REPUBLIKA.CO.ID, JAKARTA -- Dahulu, ketika Nabi Muhammad SAW hijrah ke Madinah, mendapati masyarakat suka minuman keras (khamar) dan bermain judi (maysir). Orang-orang yang mabuk dan kalah berjudi selalu terlibat pertengkaran dan menimbulkan keresahan sosial.
Lalu, Nabi SAW pun ditanya mengenai kedudukan khamar dan judi dalam Islam. Allah SWT pun menurunkan wahyu.
”Mereka bertanya kepadamu (Nabi Muhammad) tentang khamar dan judi, maka katakanlah, ‘Pada keduanya terdapat dosa besar dan beberapa manfaat bagi manusia. (Akan tetapi,) dosa keduanya lebih besar daripada manfaatnya’....” (QS al-Baqarah [2]: 219).
Minum khamar dan main judi adalah kebiasaan yang sudah mendarah daging di masyarakat Arab jahiliyah.
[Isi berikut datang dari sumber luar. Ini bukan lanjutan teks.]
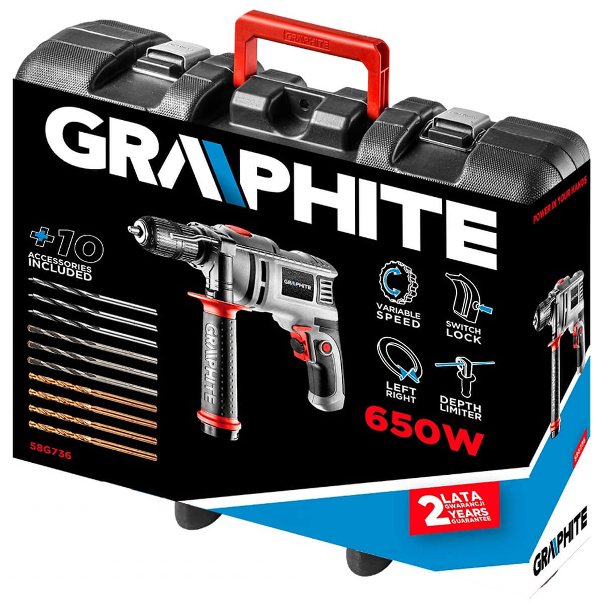 Ударная дрель GRAPHITE 58G736 применяется для сверления отверстий в различных видов материала. Использование данной модели можно обозначить на строительных, столярных, отделочных и других работах. Модель оснащена функцией реверса, для изменения направления вращения шпинделя. Смена оснастки занимает крайне мало времени за счет быстрозажимного патрона, что обеспечит быстрое манипулирование инструментом.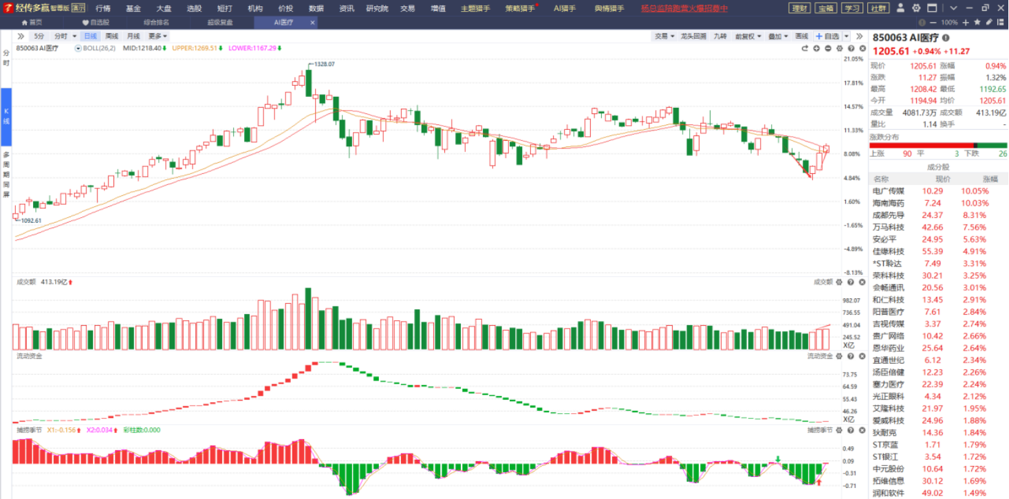 AI医疗处于刚突破辅助线压制的阶段,而成交量、流动资金、捕捞季节等各项指标也表现得不错,这是支撑它继续上涨的最大依仗,而且它同时具备科技+医疗双重属性,在国家政策和行业技术的持续催化之下,它有望进一步上涨,可耐心关注它后续上涨行情。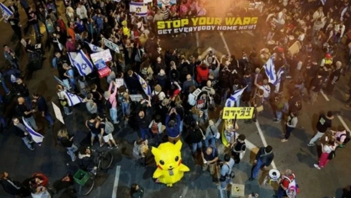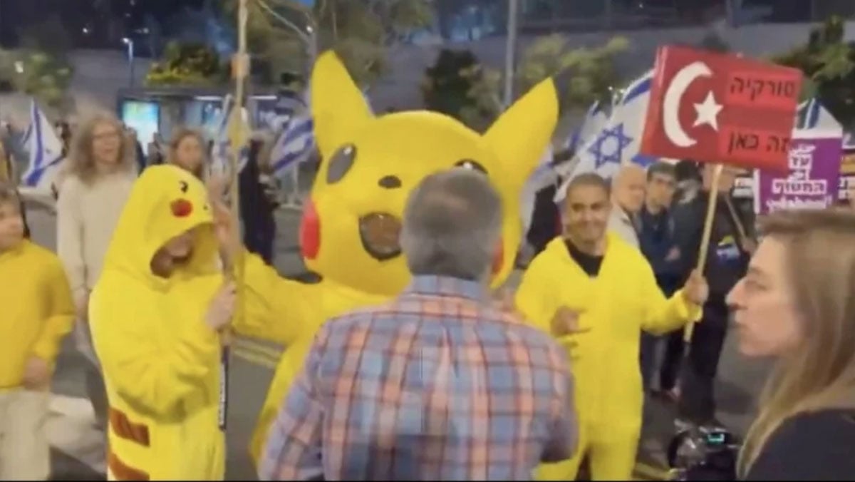 Başkent Tel Aviv’de Begin Caddesi, Habima Meydanı’nda on binlerce protestocu meydan ve sokakları doldurdu. Protestocular ortasında, İstanbul’da Ekrem İmamoğlu için düzenlenen protesto şovlarında görülen ve dünya genelinde toplumsal medyada viral olan Pikachu kostümünü giyen biri de vardı. Kelam konusu kişinin yanında da Türk bayrağı taşıyan birinin olması dikkat çekti.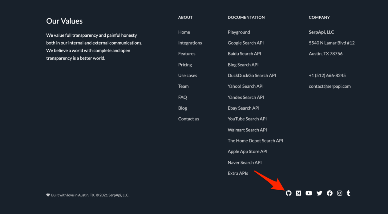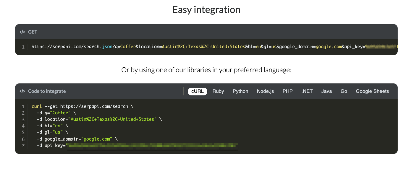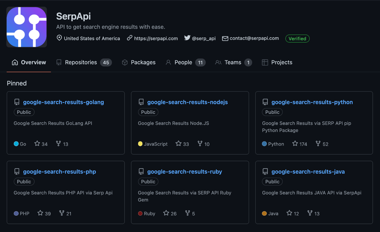 Farther down the homepage of SerpApi there are links that include our Github page for the libraries that we support…These all coincide with the code tabs illustrated above on our front page; cURL, Ruby, Python, Node.js, PHP, .NET, Java, Go, and the little bit of the oddball implementation Google Sheets.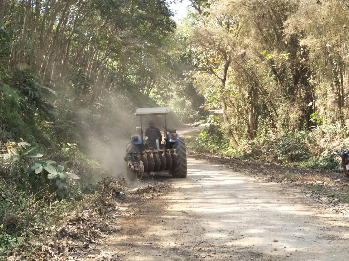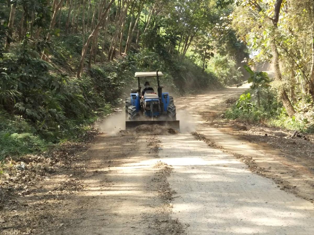 และเจ้าหน้าที่กองช่าง ปรับเกรดถนนทางการเกษตร ณ บ้านกลางทุ่ง ม.7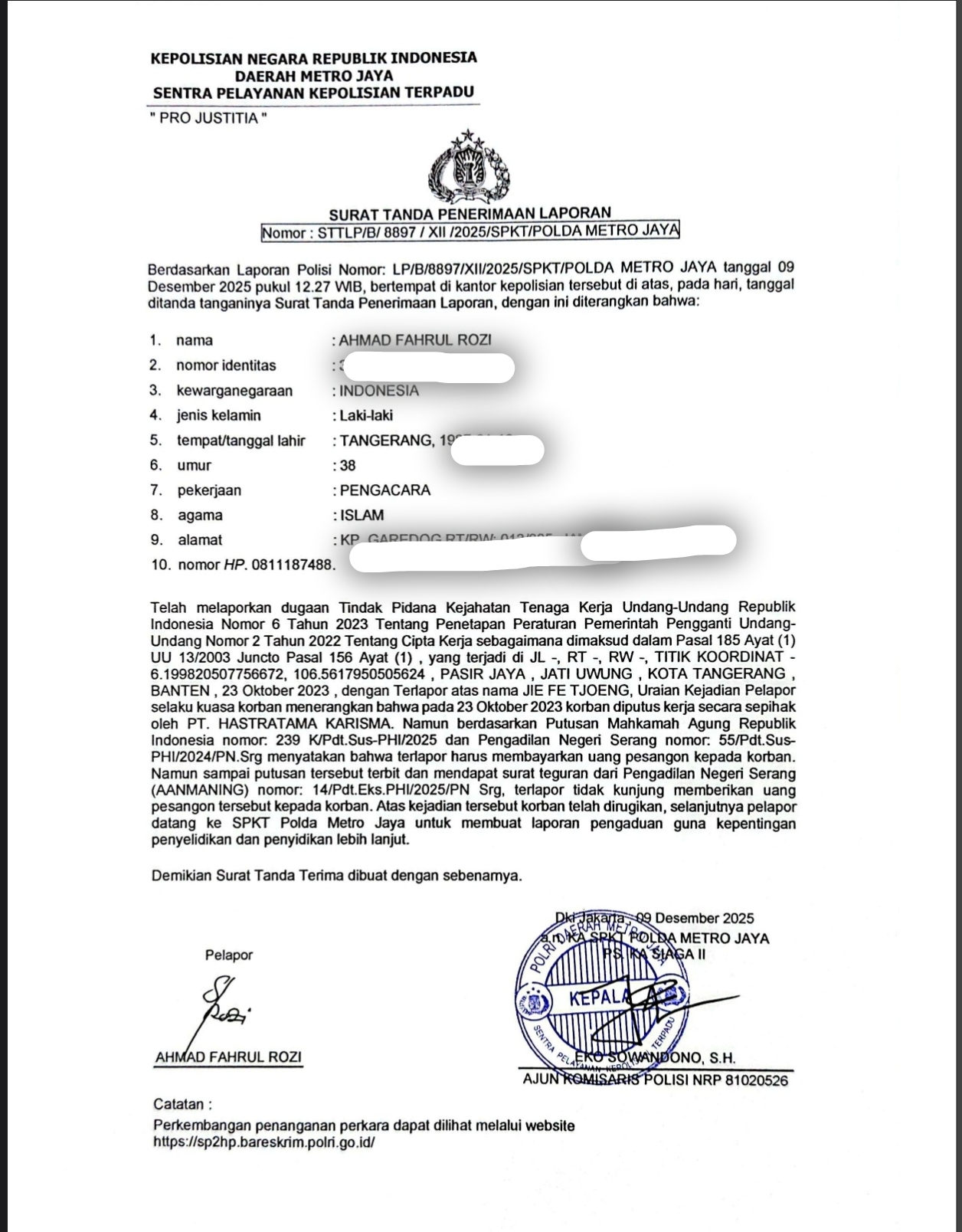 Dalam laporan polisi nomor : LP/B/8897/XII/2025/SPKT/POLDA METRO JAYA, di jelaskan bahwa Jie Fe Tjoeng telah melakukan tindak pidana kejahatan ketenagakerjaan dalam Undang-undang No.6 Tahun 2023 tentang penetapan PERPPU No.2 tahun 2022 tentang cipta kerja, sebagaimana dimaksud dalam pasal 185 ayat (1) yang terjadi di kawasan Jatake Industri, Kelurahan Pasir Jaya, Kecamatan Jatiuwung, Kota Tangerang dengan Sanksi Pidana Maksimal 4 (empat) Tahun Penjara atau Denda maksimal Rp. 400.000.000 (Empat ratus juta rupiah).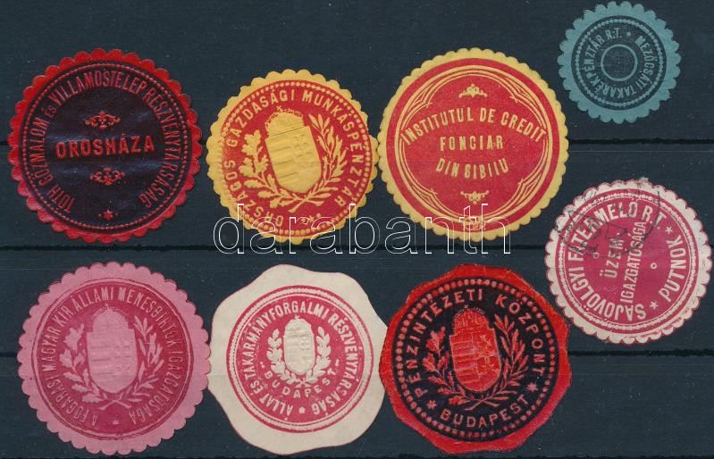 Leírás: 10 db pecsétbélyeg(Institutul de Credit Fonciar Din Sibiiu, Mezőcsáti Takarékpénztár Rt., Tóth Gőzmalom és Villamostelep Részvénytársaság, stb. )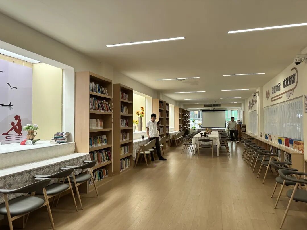 原木色书架整齐排列,文学经典、历史人文、科技前沿、艺术美学……超多品类书籍覆盖职工多元阅读需求。搭配柔软的沙发、宽敞的桌椅,阳光透过窗户洒在书页上,午休时、下班后,来这里泡一杯茶,翻两页书,瞬间治愈“班味”!
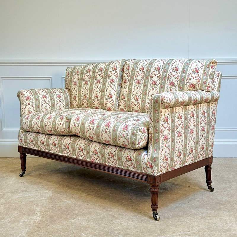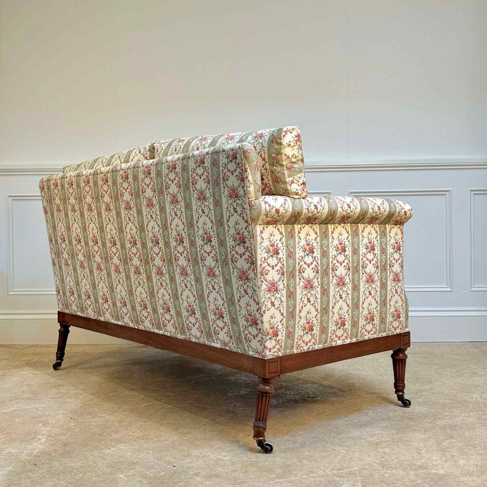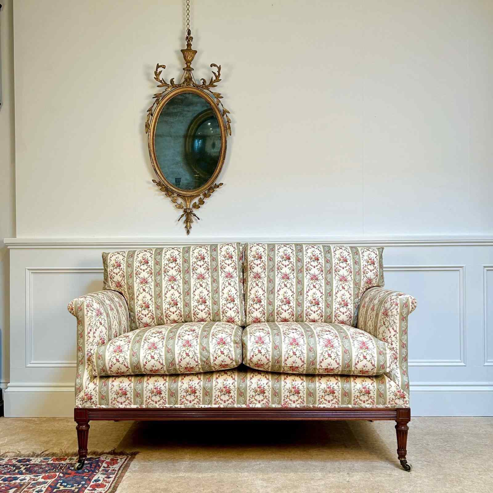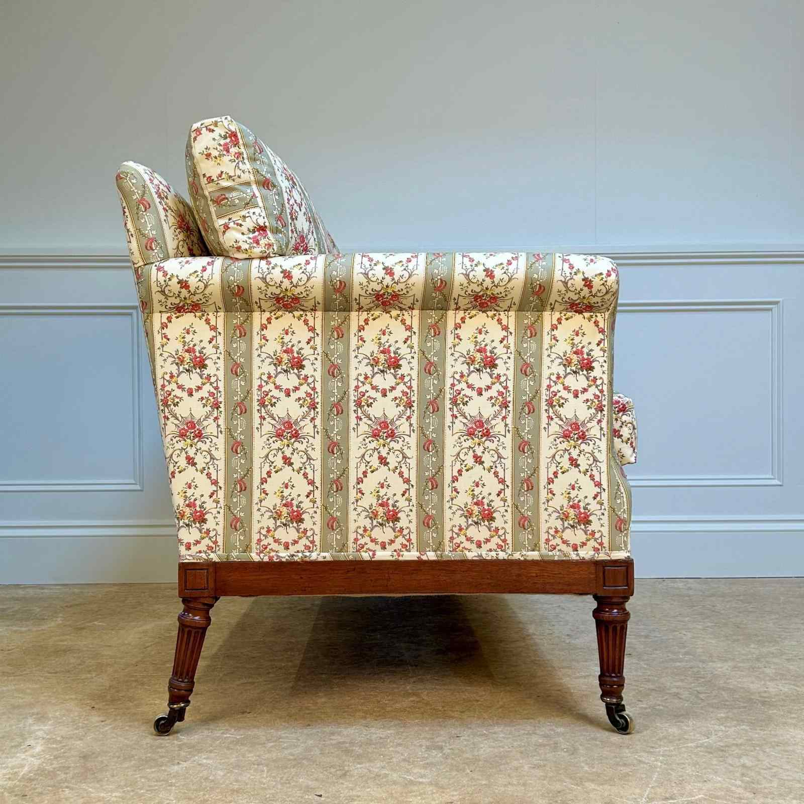 A superb small Howard & Sons mahogany sofa, having a sprung back and seat with down and feather cushions. The mahogany rail to all 4 sides and fluted carving to the front. The whole raised on 4 tapered fluted legs with the original gilt lacquered brass Howard & Sons stamped castors. Recently re-upholstered in Howard floral ticking. The back leg numbered and stamped to the rail "Howard & Sons Ltd, Berners St". English, Circa 1900.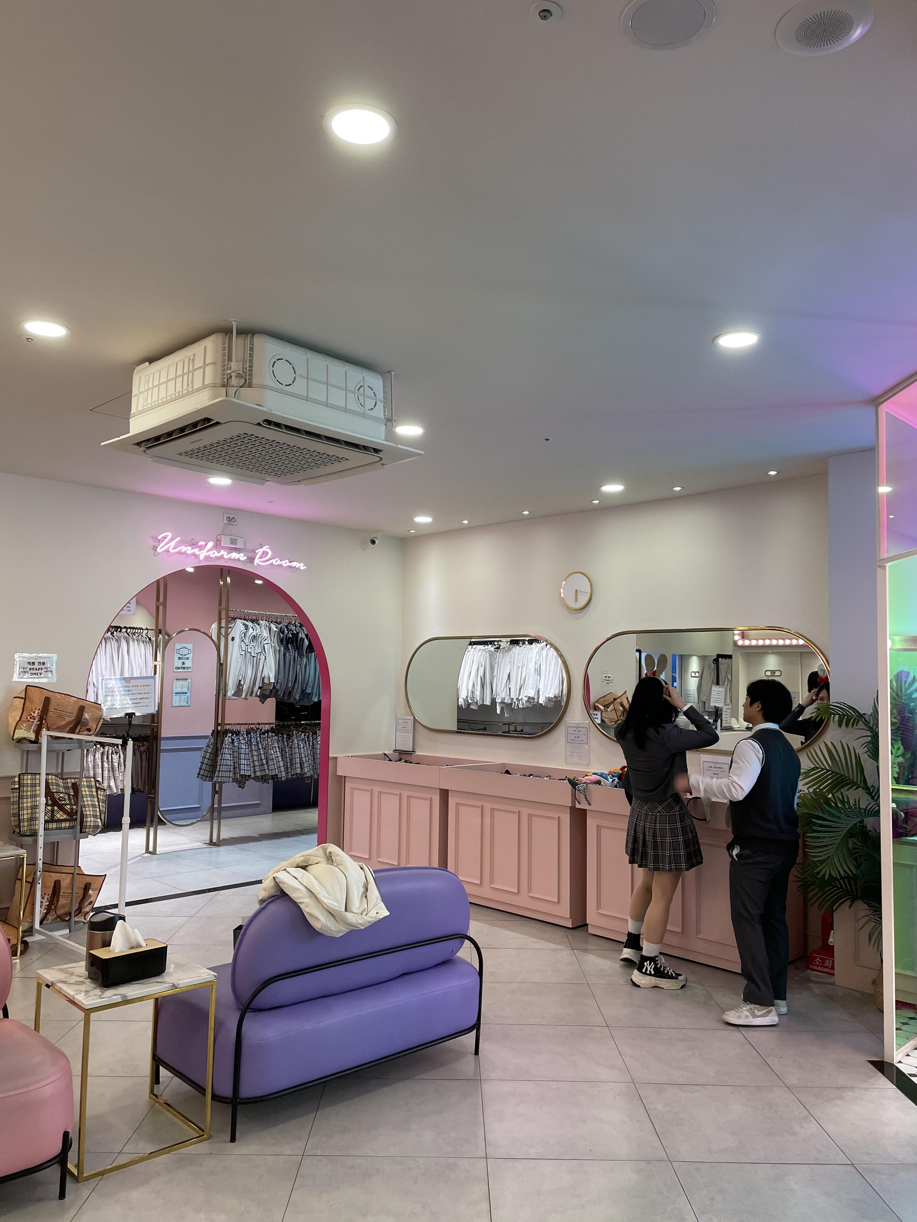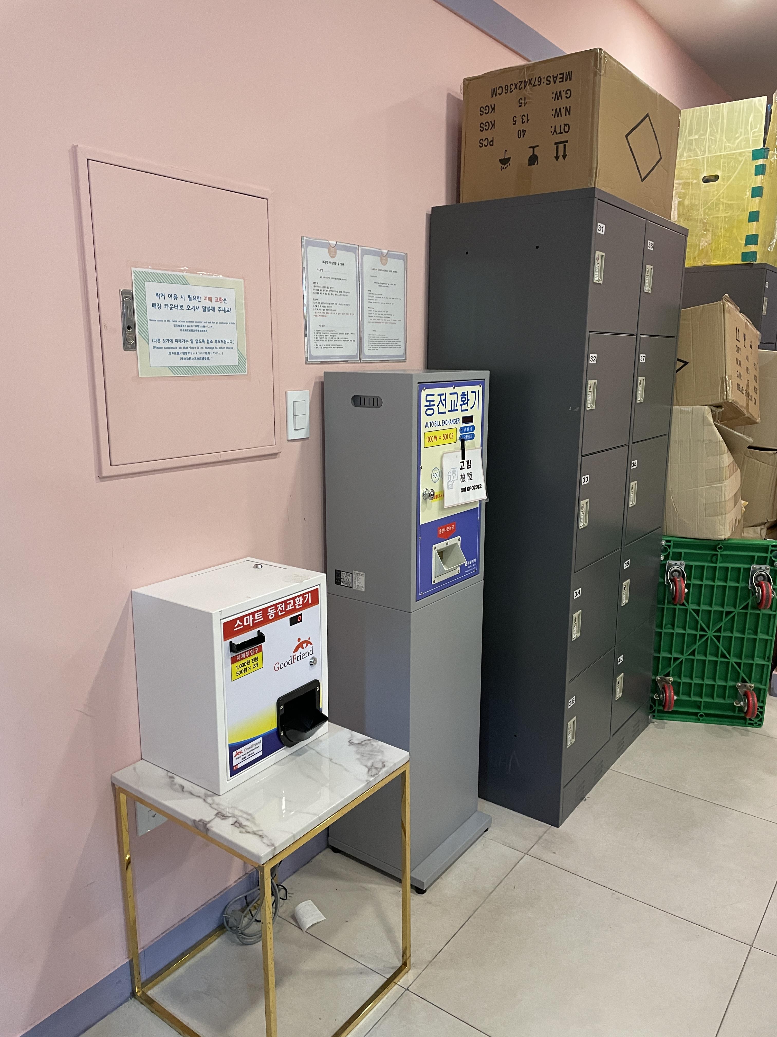 해당 건물에는 교복대여점이 몇 군데 있었는데요 모두 1) 교복대여점 가게 2) 짐 보관함 을 각각 운영하고 있었어요.

Oleh karena itu, syariat Islam pun menetapkan hukumnya secara bertahap (aat-tadriij fii at-tasyri') agar tidak kontraproduktif dan memberatkan.
Setelah umat Islam diajak berpikir cerdas akan mudharatnya, maka turunlah ayat, “Wahai orang-orang yang beriman, janganlah mendekati shalat, sedangkan kamu dalam keadaan mabuk sampai kamu sadar akan apa yang kamu ucapkan…." (QS an-Nisa' [4]: 43).
Ketika keimanan semakin kuat, barulah diharamkan secara mutlak, ”Wahai orang-orang yang beriman, sesungguhnya minuman keras, berjudi, (berkurban untuk) berhala, dan mengundi nasib dengan anak panah adalah perbuatan keji (dan) termasuk perbuatan setan. Maka, jauhilah (perbuatan-perbuatan) itu agar kamu beruntung." (QS al-Maidah [5]: 90).
Prof Buya Hamka dalam Tafsir Al-Azhar menjelaskan bahwa orang yang minum khamar sampai mabuk, tidak akan dapat mengendalikan diri dan akal budinya.